Home Brooklyn Life OWS: An Uneasy Calm Before the Storm
Vendors sell pins outside Zuccotti Park (Photo: Jonathan Tayler / The Brooklyn Ink)

Tensions were already running high at Zuccotti Park on the afternoon before the New York Police Department cleared the park of the Occupy Wall Street encampment. Two months had passed since protestors had transformed what was a flat and empty expanse into the core of a movement that had begun spreading around the nation and the world.

But the sense of excitement and possibility of September and October had given way to a harsher existence.

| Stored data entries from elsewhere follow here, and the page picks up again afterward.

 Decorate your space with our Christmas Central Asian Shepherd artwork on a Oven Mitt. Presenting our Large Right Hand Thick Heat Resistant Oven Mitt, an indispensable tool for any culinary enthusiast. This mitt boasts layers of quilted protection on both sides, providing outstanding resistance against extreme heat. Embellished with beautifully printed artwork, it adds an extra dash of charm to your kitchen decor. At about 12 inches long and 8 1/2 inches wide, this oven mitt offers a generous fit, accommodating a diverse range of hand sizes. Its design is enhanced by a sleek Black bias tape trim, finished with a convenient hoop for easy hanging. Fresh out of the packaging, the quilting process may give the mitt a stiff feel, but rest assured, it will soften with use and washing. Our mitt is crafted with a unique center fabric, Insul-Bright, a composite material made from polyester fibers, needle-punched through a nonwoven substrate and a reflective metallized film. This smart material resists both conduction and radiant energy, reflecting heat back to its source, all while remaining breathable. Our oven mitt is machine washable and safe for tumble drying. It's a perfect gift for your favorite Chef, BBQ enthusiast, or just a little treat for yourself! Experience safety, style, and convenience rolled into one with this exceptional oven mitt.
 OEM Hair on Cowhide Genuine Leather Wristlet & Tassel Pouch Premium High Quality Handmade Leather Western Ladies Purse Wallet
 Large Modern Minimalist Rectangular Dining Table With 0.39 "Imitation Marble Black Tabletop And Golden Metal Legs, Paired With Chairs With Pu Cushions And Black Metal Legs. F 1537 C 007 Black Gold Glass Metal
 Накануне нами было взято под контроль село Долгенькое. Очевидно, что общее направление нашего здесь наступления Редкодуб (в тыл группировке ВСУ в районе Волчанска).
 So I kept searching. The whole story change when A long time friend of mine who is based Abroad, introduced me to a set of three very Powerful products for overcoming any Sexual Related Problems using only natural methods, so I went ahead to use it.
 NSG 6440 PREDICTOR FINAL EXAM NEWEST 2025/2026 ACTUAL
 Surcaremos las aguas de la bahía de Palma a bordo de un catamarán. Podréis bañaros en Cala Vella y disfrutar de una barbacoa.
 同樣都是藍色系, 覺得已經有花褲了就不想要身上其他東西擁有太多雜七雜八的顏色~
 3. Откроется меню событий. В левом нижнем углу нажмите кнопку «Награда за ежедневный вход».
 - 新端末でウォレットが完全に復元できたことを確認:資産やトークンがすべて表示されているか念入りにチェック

As occupiers zipped up their tent doors and turned inwards, the mood in the park was dark.

Despite Mayor Michael Bloomberg initially banning tents, the park was swollen with them. Finding an entrance was difficult. Inside the park, the kitchen was handing out free ice cream and a pair of protesters inside the main media tent pedaled two bicycles hooked up to a generator. The tents had by now taken up much of the space, forcing the protesters to keep to small, marked-off areas like the folding table where four or five people sat stripping cigarette butts for the leftover tobacco, or to the table next to it stacked with dog food and treats for Zuccotti’s canine population.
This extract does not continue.